Supplied material:
*** Begin section ***

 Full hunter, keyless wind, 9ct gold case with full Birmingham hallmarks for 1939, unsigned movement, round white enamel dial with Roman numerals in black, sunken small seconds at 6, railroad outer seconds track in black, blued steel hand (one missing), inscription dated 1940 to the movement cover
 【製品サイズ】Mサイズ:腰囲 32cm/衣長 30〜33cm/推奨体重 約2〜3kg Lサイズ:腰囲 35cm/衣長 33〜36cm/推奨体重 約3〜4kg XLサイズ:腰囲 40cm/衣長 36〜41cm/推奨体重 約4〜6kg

*** End section ***
*** Begin section ***

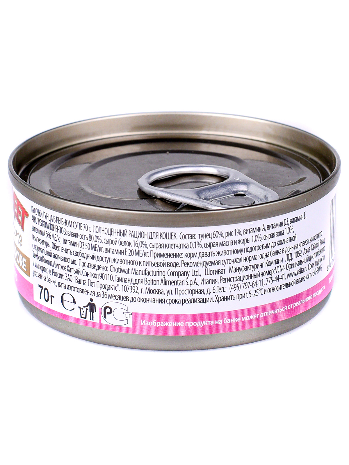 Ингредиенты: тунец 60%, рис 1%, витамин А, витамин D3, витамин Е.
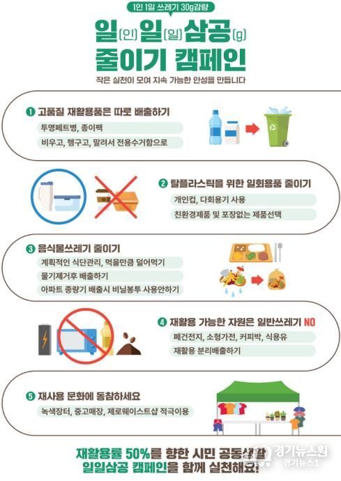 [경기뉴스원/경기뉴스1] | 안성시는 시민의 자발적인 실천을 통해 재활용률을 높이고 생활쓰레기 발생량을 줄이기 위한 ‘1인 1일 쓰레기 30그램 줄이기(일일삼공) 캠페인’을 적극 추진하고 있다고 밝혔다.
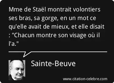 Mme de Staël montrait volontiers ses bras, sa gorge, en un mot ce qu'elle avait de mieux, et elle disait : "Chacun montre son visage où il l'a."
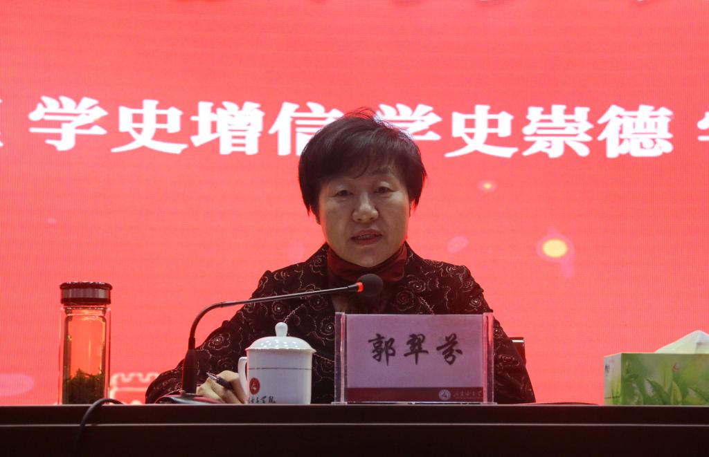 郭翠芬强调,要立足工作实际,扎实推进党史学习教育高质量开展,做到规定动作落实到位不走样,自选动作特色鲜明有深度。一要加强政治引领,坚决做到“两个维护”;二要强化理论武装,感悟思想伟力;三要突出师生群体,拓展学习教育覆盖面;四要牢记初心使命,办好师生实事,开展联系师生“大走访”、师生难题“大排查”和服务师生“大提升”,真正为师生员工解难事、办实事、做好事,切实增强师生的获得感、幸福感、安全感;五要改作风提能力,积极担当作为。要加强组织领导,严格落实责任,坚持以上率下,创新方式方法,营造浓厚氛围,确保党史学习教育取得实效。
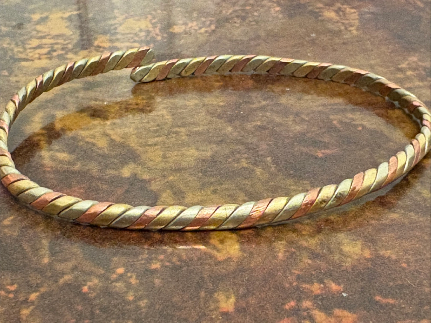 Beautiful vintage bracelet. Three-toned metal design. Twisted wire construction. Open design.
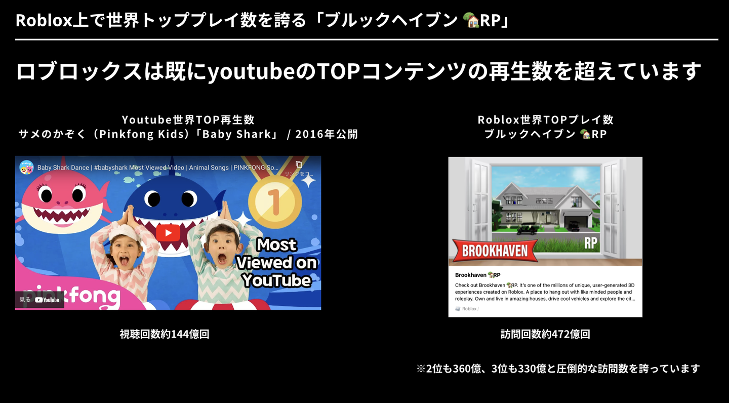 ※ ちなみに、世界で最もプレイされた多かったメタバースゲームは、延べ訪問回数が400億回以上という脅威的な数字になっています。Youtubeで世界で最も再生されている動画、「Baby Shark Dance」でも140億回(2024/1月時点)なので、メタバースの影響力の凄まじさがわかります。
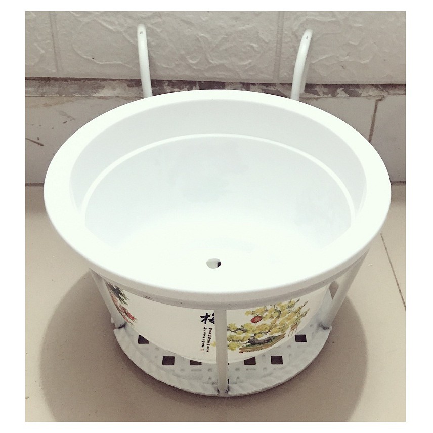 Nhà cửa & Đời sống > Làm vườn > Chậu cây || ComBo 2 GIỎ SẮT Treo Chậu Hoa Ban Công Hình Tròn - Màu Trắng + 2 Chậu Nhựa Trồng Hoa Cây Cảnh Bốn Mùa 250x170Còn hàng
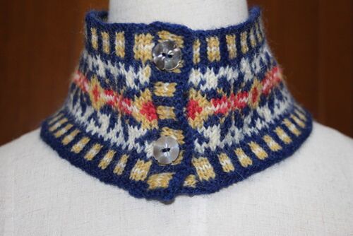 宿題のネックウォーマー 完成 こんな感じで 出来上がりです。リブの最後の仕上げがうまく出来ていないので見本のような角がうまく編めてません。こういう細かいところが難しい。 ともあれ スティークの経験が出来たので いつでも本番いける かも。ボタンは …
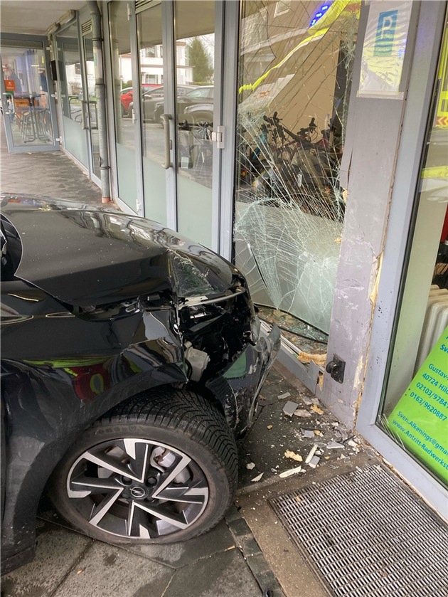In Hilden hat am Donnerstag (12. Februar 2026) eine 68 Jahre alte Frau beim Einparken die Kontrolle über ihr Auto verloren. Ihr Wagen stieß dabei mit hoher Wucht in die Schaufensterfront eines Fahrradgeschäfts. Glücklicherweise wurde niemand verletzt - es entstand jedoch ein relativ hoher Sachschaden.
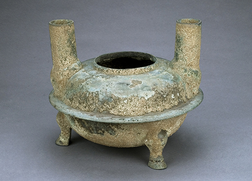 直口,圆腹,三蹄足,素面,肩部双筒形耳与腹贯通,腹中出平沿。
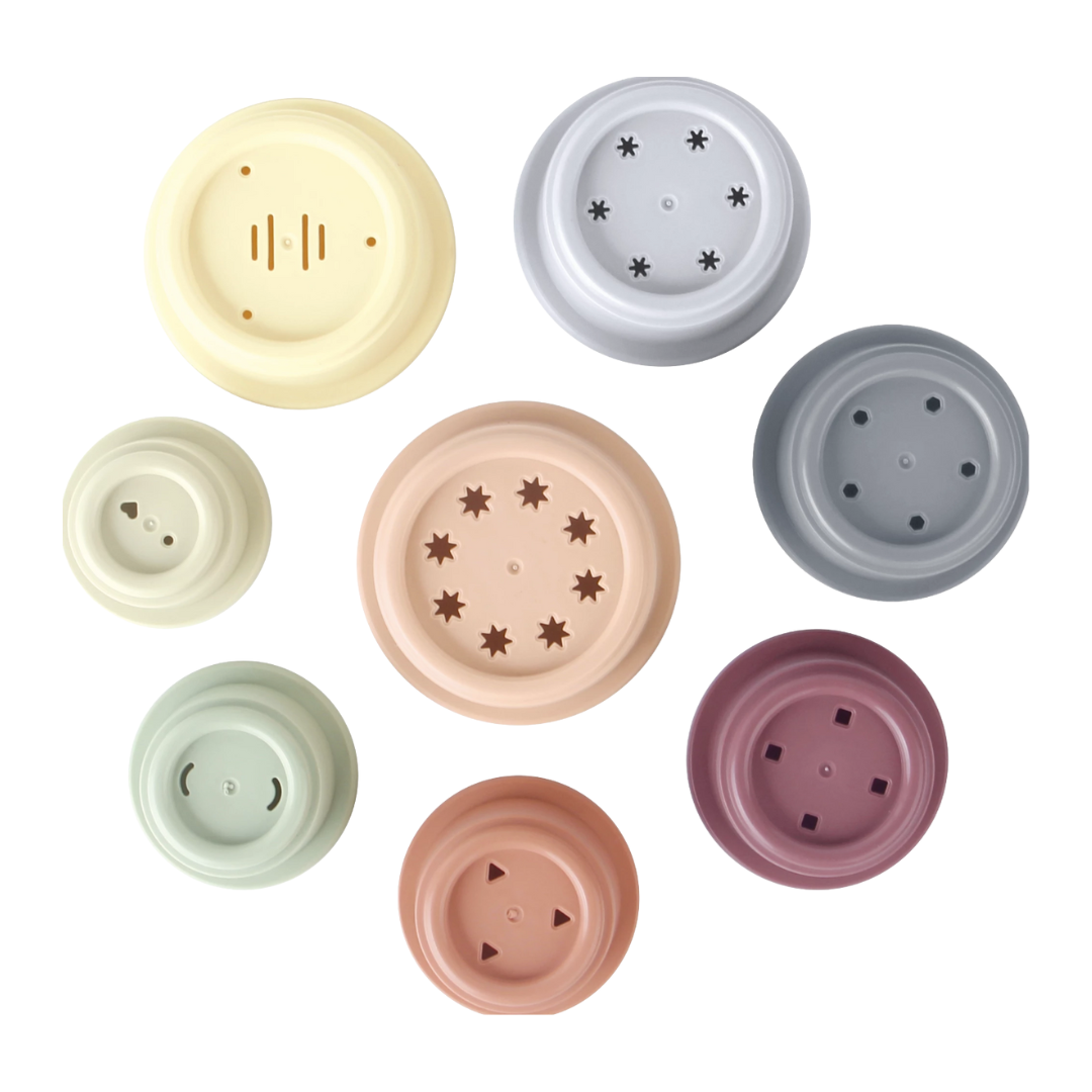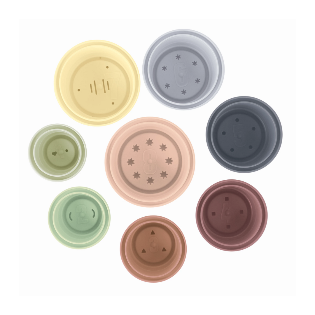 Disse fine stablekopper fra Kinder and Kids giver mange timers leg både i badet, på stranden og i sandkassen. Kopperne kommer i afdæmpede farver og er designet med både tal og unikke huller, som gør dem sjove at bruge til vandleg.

*** End section ***
*** Begin section ***

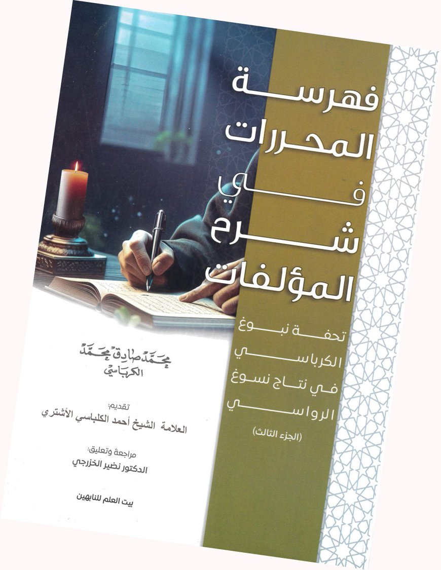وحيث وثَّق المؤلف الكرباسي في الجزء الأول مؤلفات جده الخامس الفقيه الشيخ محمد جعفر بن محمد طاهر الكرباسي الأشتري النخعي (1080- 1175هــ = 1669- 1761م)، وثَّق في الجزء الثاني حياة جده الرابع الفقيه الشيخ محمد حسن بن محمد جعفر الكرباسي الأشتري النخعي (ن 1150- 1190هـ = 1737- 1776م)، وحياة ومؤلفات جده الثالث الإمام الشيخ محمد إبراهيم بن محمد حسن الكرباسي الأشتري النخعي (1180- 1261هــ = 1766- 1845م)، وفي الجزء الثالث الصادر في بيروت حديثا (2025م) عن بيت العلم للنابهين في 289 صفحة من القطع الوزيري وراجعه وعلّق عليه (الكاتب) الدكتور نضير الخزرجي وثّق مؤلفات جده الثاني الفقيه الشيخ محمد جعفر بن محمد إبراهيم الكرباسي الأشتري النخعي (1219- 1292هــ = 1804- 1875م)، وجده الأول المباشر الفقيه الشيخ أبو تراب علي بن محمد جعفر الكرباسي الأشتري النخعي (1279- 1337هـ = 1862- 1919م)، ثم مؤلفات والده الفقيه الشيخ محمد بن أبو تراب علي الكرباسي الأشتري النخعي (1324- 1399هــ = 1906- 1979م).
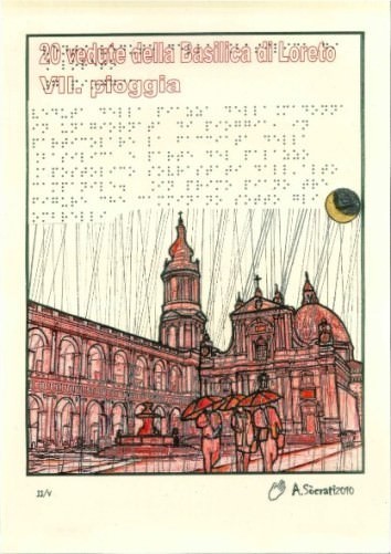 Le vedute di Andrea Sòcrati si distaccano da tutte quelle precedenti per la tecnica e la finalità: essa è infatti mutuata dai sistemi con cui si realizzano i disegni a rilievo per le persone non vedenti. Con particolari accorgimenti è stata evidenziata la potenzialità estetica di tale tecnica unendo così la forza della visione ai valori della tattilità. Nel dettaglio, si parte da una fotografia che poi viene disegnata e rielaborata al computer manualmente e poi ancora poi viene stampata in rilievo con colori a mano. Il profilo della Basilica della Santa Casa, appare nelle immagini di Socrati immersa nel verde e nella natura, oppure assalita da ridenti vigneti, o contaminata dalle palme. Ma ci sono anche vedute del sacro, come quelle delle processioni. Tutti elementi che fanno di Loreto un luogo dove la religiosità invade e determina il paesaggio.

*** End section ***

The task: From the entries above, copy exactly the lines starting at the one with "Ингредиенты: тунец 60%, рис" and stopping at the one with "Mme de Staël", keeping both ends. Drop the pictures.

Written response:
 Ингредиенты: тунец 60%, рис 1%, витамин А, витамин D3, витамин Е.
 [경기뉴스원/경기뉴스1] | 안성시는 시민의 자발적인 실천을 통해 재활용률을 높이고 생활쓰레기 발생량을 줄이기 위한 ‘1인 1일 쓰레기 30그램 줄이기(일일삼공) 캠페인’을 적극 추진하고 있다고 밝혔다.
 Mme de Staël montrait volontiers ses bras, sa gorge, en un mot ce qu'elle avait de mieux, et elle disait : "Chacun montre son visage où il l'a."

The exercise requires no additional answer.